Es ist erstaunlich, wie sie sich auf dem Platz bewegt, obwohl sie relativ groß ist.
Besonders die Beinarbeit in der Nähe der Grundlinie, in schnellen Ballwechseln, ist für ihre jungen Jahre bemerkenswert und eine Grundlage, auf der sie ihr gesamtes Spiel aufbauen könnte. Man merkt, dass sie das Spiel versteht. Die Balance stimmt, ab und an fehlt es noch an der Übersetzung und den kleinen Schritten zum Ball hin, was noch zu Fehlern führt.
Wie viele, pardon, sehr sehr viele andere junge Damen, spielt Masarova die Bälle sehr flach und gerade – was strategisch nicht immer die beste Entscheidung ist. Da sie durch ihre Beweglichkeit und Balance an der Grundlinie hervorragende Winkel und Möglichkeiten hätte die Bälle mit mehr Spin zu spielen, verwundert die eher brachiale Spielausrichtung.
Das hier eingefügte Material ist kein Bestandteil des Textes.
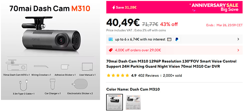 Сейчас на рынке присутствует новая, более продвинутая модель 70mai Dash Cam M310 (ссылка для РФ). Такая же компактная и недорогая, при этом разрешение - 2304x1296 пикселей. Управляется через мобильное приложение и голосовые команды, есть кнопка сохранения записи определенного момента, есть вариант комплектации с parking kit - чтобы еще круглосуточно следить и записывать на парковке.
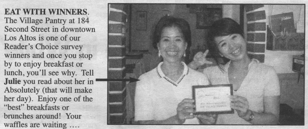 Palo Alto Daily News -- Best Brunch 2005 Article: The Village Pantry -- Winner 2005 Best Brunch/Breakfast Award and 2nd Place Best American Restaurant
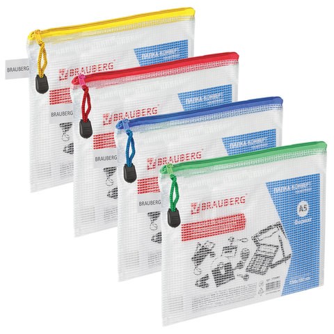 Папка-конверт на молнии МАЛЫЙ ФОРМАТ (238х180 мм) А5, молния ассорти, ПВХ, прозрачная, BRAUBERG "Segment", 223887
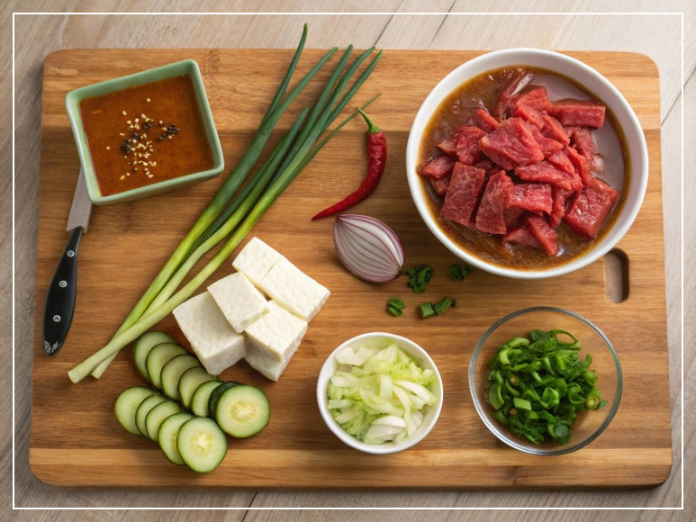 청국장찌개의 진한 풍미를 완성하는 핵심은 신선한 재료예요. 국거리용 소고기는 감칠맛의 중심이고, 익은 맛김치는 깊은 맛을 더해주죠. 여기에 두부와 채소를 적절히 조화시키면 건강한 밥반찬으로 손색이 없어요. 청국장은 시판 제품을 사용해도 좋고, 직접 만든 청국장을 사용할 수도 있어요. 다만, 특유의 향을 잘 살릴 수 있도록 보관 상태에 주의해 주세요.

Schaut man sich eine Simona Halep oder auch Caroline Wozniacki an sieht man (Frau), dass auch etwas langsamer und halhhoch gespielte Bälle zum Erfolg führen können.
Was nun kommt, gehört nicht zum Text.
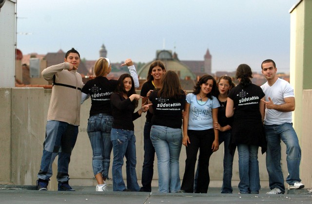 Wo gibt’s denn so was? Die "Südstadtkids" sind etwa 25 Schüler und Ehemalige der Hauptschule Hummelsteiner Weg in Nürnberg, die sich außerhalb der Schule in einer Arbeitsgemeinschaft engagieren – ganz freiwillig und mittlerweile schon seit drei Schülergenerationen. Ziel ist es, ihre soziale Kompetenz zu steigern, Deutsch zu lernen, für ein gesundes Klima im Viertel zu sorgen und als Mittler zwischen Schule und Eltern zu fungieren. Die Jugendlichen unterschiedlicher nationaler und ethnischer Herkunft bieten interkulturelle Elternabende, Museumsbesuche oder Stadtteilexkursionen an, machen Radiosendungen und programmieren Internetseiten. Die Südstadtkids der ersten Generation sind mittlerweile in Ausbildung oder besuchen weiterführende Schulen, stehen aber dem Projekt als Mentoren weiterhin zur Seite. Ein pädagogisches Team von Volkshochschule, Hauptschule und Universität bietet den organisatorischen und inhaltlichen Rahmen für die Aktionen der Südstadtkids. Damit haben die Jugendlichen starke Partner, die das Projekt professionell begleiten und einen Zugang zur Öffentlichkeit schaffen.

Besonders auf dem Niveau, auf dem Masarova spielt, kann ein flexibles Grundlinienspiel zu mehr Fragen bei der Gegnerin führen. Mehr Fragen führen zu mehr Fehlern bei den Gegnerinnen. Eine Facette, die dem Spiel von Masarova erst noch aus dem Keller geholt und abgestaubt werden muss, damit sie auf dem Platz präsentiert werden kann.
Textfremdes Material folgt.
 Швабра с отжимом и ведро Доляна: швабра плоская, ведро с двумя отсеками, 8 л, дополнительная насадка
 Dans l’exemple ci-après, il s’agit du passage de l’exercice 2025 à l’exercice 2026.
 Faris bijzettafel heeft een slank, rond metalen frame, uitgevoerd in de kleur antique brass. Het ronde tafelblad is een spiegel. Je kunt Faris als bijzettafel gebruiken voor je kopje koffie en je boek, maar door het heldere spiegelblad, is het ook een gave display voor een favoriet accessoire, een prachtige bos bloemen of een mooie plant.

Vielen Spielerinnen fehlen die technischen Mittel und das Spielverständnis, um das eigene Grundlinienspiel variabel zu gestalten. So wie ich Masarova gesehen habe, könnte sie hier ihre Möglichkeiten, die ihr Spiel ihr gibt, besser ausspielen. Grigor Dimitrov hatte sehr lange ähnliche Probleme.
Der Aufschlag zählt laut ihren eigenen Angaben zu ihrem Lieblingsschlag. Und die Variation, die sich bei diesem Schlag spielt zeigt, dass sie große Freude an den vielen Möglichkeiten auf dem Tennisplatz hat.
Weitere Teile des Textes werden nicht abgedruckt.